Ten minutes later, and their plans were fixed. Two hours later, and, in the midst of a raving gale, hidden by the pitchy darkness and the towering screen of the lifted drawbridge, Emlyn and the strong Jeffrey rolled the kegs of powder over planks laid across the moat, into the mouth of the big drain and twenty feet down it, till they lay under the gateway towers! Then, lying there in the stinking filth, they drew the spigots out of holes that they had made in them, and in their place set the slow-matches. Jeffrey struck a flint, blew the tinder to a glow, and handed it to Emlyn.
“Now get you gone,” she said; “I follow. At this job one is better than two.”
A minute later she joined him on the farther bank of the moat. “Run!” she said. “Run for your life; there’s death behind!”
He obeyed, but Emlyn turned and screamed, till, hearing her through the gale, all the guard hurried up the towers, flashing lanterns, to see what passed.
“STORM! STORM!” she cried. “UP WITH THE LADDERS! FOR THE KIND AND HARFLETE! STORM! STORM!”
Then she too turned and fled.
OUT OF THE SHADOWS
Through the black night sudden and red there shot a sheet of fire illumining all things as lightning does. Above the roaring of the gale there echoed a dull and heavy noise like to that of muffled thunder. Then after a moment’s pause and silence the sky rained stones, and with them the limbs of men.
“The gateway’s gone,” shouted a great voice, it was that of Bolle. “Out with the ladders!”
Men who were waiting ran up with them and thrust them, four in all, athwart the moat. By the planks that were lashed along their staves they scrambled across and over the piles of shattered masonry into the courtyard beyond where none waited them, for all who watched here were dead or maimed.

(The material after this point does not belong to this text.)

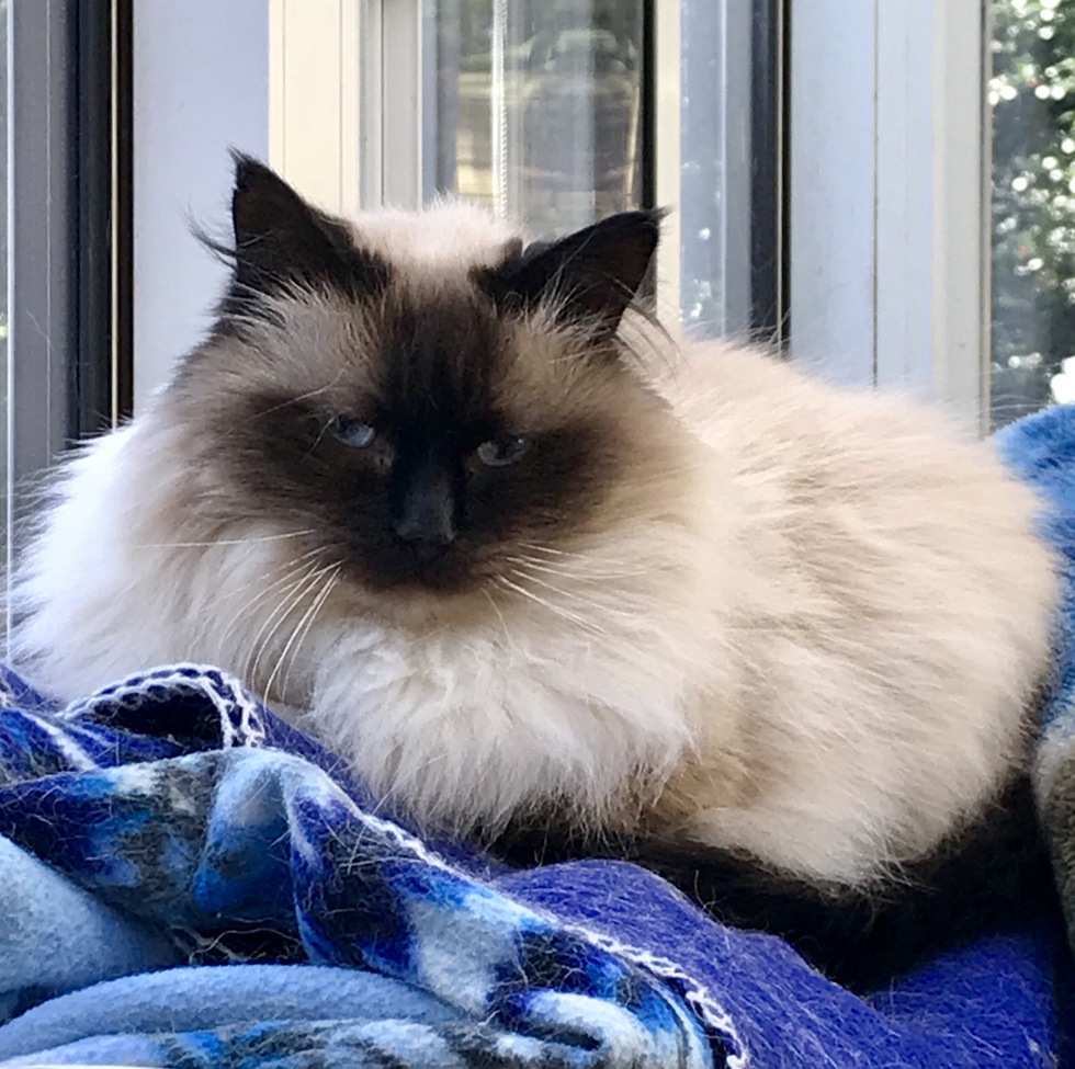 Animal BioLibra is a feral-born rag doll, found as 5 week old kitten under a city dumpster in New Westminster , BC. It took city workers nearly a week to trap her, an event that has left her with very deep fears of all humans . I got her from the SPCA in New Westminster nearly 10years ago and spent many many hours, days and months, trying convince her not all humans are bad or scary. To this day I am the ONLY human she will allow to touch her! Libra was dehydrated, starving and covered in dried mud when I first got her and she slept (and lived) in ny sweatshirt against my chest for the first 3 months. She is a very small cat in size and I have to protect her from the 3 big males (also feral born) that share our house. With me, Libra is a snuggler and loves to laze on the back of the couch in the sun room while looking out upon the world.
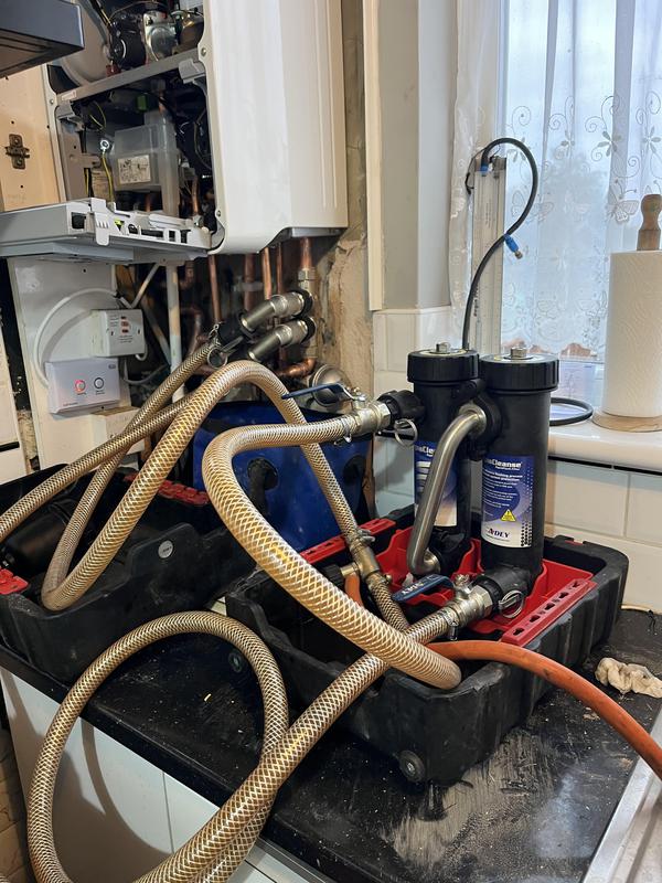 - Installed new filter on return of heating pipework and new cold isolation valve installation in Orpington

“Light the lanterns,” shouted Bolle again, “for it will be dark in yonder,” and a man who followed with a torch obeyed him.
Then they rushed across the courtyard to the door of the refectory, which stood open. Here in the wide, high-roofed hall they met the mass of Maldon’s people pouring back from the faggoted breach, where they had been gathered, expecting attack, some of them also bearing lanterns. For a moment the two parties stood staring at each other; then followed a wild and savage scene. With shouts and oaths and battle-cries they fought furiously. The massive, oaken tables were overthrown, by the red flicker of the pole-borne lanterns men grappled and fell and slew each other upon the floor. A priest struck down a yeoman with a brazen crucifix, and next moment himself was brained with its broken shaft.
“For God and Grace!” shouted some; “For the King and Harflete!” answered others.
“Keep line! Keep line!” roared Bolle, “and sweep them out.”